> **INSTRUCTIONS FOR THE TASK**
Starting at the first line below, copy through to the last line exactly.

> **Extracted data entries**
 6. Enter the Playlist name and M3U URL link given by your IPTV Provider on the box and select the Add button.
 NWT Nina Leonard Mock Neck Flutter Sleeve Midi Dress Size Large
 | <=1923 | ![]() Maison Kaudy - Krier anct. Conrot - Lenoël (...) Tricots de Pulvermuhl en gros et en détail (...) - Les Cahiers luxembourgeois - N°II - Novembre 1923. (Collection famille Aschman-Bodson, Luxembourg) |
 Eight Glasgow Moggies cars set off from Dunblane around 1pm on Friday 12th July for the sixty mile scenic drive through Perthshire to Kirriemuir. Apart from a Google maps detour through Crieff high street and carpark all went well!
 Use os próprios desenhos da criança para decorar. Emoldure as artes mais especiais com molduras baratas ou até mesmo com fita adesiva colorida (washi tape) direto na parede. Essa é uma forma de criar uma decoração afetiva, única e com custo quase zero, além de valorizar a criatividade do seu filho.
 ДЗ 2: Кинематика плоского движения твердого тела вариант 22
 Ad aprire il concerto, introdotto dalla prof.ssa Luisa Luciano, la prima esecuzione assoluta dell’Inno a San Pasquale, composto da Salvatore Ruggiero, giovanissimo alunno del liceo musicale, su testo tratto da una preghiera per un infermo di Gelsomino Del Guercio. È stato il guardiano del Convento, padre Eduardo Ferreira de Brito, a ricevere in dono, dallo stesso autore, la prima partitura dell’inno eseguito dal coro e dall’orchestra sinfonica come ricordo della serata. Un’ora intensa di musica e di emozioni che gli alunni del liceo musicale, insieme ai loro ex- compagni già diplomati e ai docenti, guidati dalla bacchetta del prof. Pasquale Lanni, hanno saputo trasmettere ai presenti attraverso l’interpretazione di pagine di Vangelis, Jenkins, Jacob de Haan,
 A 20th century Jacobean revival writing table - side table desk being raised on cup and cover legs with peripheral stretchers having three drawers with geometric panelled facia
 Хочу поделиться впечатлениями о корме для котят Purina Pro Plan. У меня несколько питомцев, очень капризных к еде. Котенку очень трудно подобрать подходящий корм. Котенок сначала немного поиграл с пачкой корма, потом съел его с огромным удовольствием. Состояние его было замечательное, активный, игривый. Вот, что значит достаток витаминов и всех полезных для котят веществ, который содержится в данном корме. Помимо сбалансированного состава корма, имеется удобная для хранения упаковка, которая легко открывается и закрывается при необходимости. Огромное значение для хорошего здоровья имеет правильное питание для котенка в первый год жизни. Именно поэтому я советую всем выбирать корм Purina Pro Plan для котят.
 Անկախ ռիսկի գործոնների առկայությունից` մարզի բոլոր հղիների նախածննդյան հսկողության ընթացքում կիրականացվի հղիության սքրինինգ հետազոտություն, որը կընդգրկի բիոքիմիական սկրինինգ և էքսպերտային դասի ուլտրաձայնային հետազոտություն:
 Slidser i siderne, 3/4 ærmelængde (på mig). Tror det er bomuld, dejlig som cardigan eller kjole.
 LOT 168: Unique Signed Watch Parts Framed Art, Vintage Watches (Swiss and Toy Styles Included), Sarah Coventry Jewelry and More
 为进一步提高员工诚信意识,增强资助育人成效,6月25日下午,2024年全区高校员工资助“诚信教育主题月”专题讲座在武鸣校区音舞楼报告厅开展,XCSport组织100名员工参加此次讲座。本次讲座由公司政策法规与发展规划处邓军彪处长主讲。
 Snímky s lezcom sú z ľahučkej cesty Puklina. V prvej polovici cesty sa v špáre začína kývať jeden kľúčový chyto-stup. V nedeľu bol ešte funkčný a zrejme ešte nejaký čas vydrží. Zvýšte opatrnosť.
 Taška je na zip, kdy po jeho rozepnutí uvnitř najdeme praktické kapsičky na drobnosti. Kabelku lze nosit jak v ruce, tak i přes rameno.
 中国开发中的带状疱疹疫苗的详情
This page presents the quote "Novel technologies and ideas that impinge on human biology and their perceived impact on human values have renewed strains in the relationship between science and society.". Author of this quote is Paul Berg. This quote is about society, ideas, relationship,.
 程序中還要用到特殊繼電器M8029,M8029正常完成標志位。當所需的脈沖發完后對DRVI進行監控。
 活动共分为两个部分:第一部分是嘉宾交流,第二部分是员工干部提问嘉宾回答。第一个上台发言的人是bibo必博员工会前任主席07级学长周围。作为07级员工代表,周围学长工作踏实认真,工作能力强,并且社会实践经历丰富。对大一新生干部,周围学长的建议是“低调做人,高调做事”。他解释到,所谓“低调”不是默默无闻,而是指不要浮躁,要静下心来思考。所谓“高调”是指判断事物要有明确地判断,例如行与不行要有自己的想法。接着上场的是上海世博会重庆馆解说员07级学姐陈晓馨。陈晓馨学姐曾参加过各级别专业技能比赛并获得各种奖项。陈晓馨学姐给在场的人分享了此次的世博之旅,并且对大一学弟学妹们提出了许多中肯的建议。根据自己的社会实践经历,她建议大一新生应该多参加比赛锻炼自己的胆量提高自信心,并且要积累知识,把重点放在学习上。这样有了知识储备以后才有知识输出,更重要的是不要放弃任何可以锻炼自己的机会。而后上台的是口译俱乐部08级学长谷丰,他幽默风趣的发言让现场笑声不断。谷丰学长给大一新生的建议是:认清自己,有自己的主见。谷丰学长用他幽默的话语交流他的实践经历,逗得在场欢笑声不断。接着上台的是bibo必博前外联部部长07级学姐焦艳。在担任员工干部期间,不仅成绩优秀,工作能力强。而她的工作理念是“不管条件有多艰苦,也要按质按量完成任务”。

> **RESPONSE FOR THIS EXERCISE**
 6. Enter the Playlist name and M3U URL link given by your IPTV Provider on the box and select the Add button.
 NWT Nina Leonard Mock Neck Flutter Sleeve Midi Dress Size Large
 | <=1923 | ![]() Maison Kaudy - Krier anct. Conrot - Lenoël (...) Tricots de Pulvermuhl en gros et en détail (...) - Les Cahiers luxembourgeois - N°II - Novembre 1923. (Collection famille Aschman-Bodson, Luxembourg) |
 Eight Glasgow Moggies cars set off from Dunblane around 1pm on Friday 12th July for the sixty mile scenic drive through Perthshire to Kirriemuir. Apart from a Google maps detour through Crieff high street and carpark all went well!
 Use os próprios desenhos da criança para decorar. Emoldure as artes mais especiais com molduras baratas ou até mesmo com fita adesiva colorida (washi tape) direto na parede. Essa é uma forma de criar uma decoração afetiva, única e com custo quase zero, além de valorizar a criatividade do seu filho.
 ДЗ 2: Кинематика плоского движения твердого тела вариант 22
 Ad aprire il concerto, introdotto dalla prof.ssa Luisa Luciano, la prima esecuzione assoluta dell’Inno a San Pasquale, composto da Salvatore Ruggiero, giovanissimo alunno del liceo musicale, su testo tratto da una preghiera per un infermo di Gelsomino Del Guercio. È stato il guardiano del Convento, padre Eduardo Ferreira de Brito, a ricevere in dono, dallo stesso autore, la prima partitura dell’inno eseguito dal coro e dall’orchestra sinfonica come ricordo della serata. Un’ora intensa di musica e di emozioni che gli alunni del liceo musicale, insieme ai loro ex- compagni già diplomati e ai docenti, guidati dalla bacchetta del prof. Pasquale Lanni, hanno saputo trasmettere ai presenti attraverso l’interpretazione di pagine di Vangelis, Jenkins, Jacob de Haan,
 A 20th century Jacobean revival writing table - side table desk being raised on cup and cover legs with peripheral stretchers having three drawers with geometric panelled facia
 Хочу поделиться впечатлениями о корме для котят Purina Pro Plan. У меня несколько питомцев, очень капризных к еде. Котенку очень трудно подобрать подходящий корм. Котенок сначала немного поиграл с пачкой корма, потом съел его с огромным удовольствием. Состояние его было замечательное, активный, игривый. Вот, что значит достаток витаминов и всех полезных для котят веществ, который содержится в данном корме. Помимо сбалансированного состава корма, имеется удобная для хранения упаковка, которая легко открывается и закрывается при необходимости. Огромное значение для хорошего здоровья имеет правильное питание для котенка в первый год жизни. Именно поэтому я советую всем выбирать корм Purina Pro Plan для котят.
 Անկախ ռիսկի գործոնների առկայությունից` մարզի բոլոր հղիների նախածննդյան հսկողության ընթացքում կիրականացվի հղիության սքրինինգ հետազոտություն, որը կընդգրկի բիոքիմիական սկրինինգ և էքսպերտային դասի ուլտրաձայնային հետազոտություն:
 Slidser i siderne, 3/4 ærmelængde (på mig). Tror det er bomuld, dejlig som cardigan eller kjole.
 LOT 168: Unique Signed Watch Parts Framed Art, Vintage Watches (Swiss and Toy Styles Included), Sarah Coventry Jewelry and More
 为进一步提高员工诚信意识,增强资助育人成效,6月25日下午,2024年全区高校员工资助“诚信教育主题月”专题讲座在武鸣校区音舞楼报告厅开展,XCSport组织100名员工参加此次讲座。本次讲座由公司政策法规与发展规划处邓军彪处长主讲。
 Snímky s lezcom sú z ľahučkej cesty Puklina. V prvej polovici cesty sa v špáre začína kývať jeden kľúčový chyto-stup. V nedeľu bol ešte funkčný a zrejme ešte nejaký čas vydrží. Zvýšte opatrnosť.
 Taška je na zip, kdy po jeho rozepnutí uvnitř najdeme praktické kapsičky na drobnosti. Kabelku lze nosit jak v ruce, tak i přes rameno.
 中国开发中的带状疱疹疫苗的详情
This page presents the quote "Novel technologies and ideas that impinge on human biology and their perceived impact on human values have renewed strains in the relationship between science and society.". Author of this quote is Paul Berg. This quote is about society, ideas, relationship,.
 程序中還要用到特殊繼電器M8029,M8029正常完成標志位。當所需的脈沖發完后對DRVI進行監控。
 活动共分为两个部分:第一部分是嘉宾交流,第二部分是员工干部提问嘉宾回答。第一个上台发言的人是bibo必博员工会前任主席07级学长周围。作为07级员工代表,周围学长工作踏实认真,工作能力强,并且社会实践经历丰富。对大一新生干部,周围学长的建议是“低调做人,高调做事”。他解释到,所谓“低调”不是默默无闻,而是指不要浮躁,要静下心来思考。所谓“高调”是指判断事物要有明确地判断,例如行与不行要有自己的想法。接着上场的是上海世博会重庆馆解说员07级学姐陈晓馨。陈晓馨学姐曾参加过各级别专业技能比赛并获得各种奖项。陈晓馨学姐给在场的人分享了此次的世博之旅,并且对大一学弟学妹们提出了许多中肯的建议。根据自己的社会实践经历,她建议大一新生应该多参加比赛锻炼自己的胆量提高自信心,并且要积累知识,把重点放在学习上。这样有了知识储备以后才有知识输出,更重要的是不要放弃任何可以锻炼自己的机会。而后上台的是口译俱乐部08级学长谷丰,他幽默风趣的发言让现场笑声不断。谷丰学长给大一新生的建议是:认清自己,有自己的主见。谷丰学长用他幽默的话语交流他的实践经历,逗得在场欢笑声不断。接着上台的是bibo必博前外联部部长07级学姐焦艳。在担任员工干部期间,不仅成绩优秀,工作能力强。而她的工作理念是“不管条件有多艰苦,也要按质按量完成任务”。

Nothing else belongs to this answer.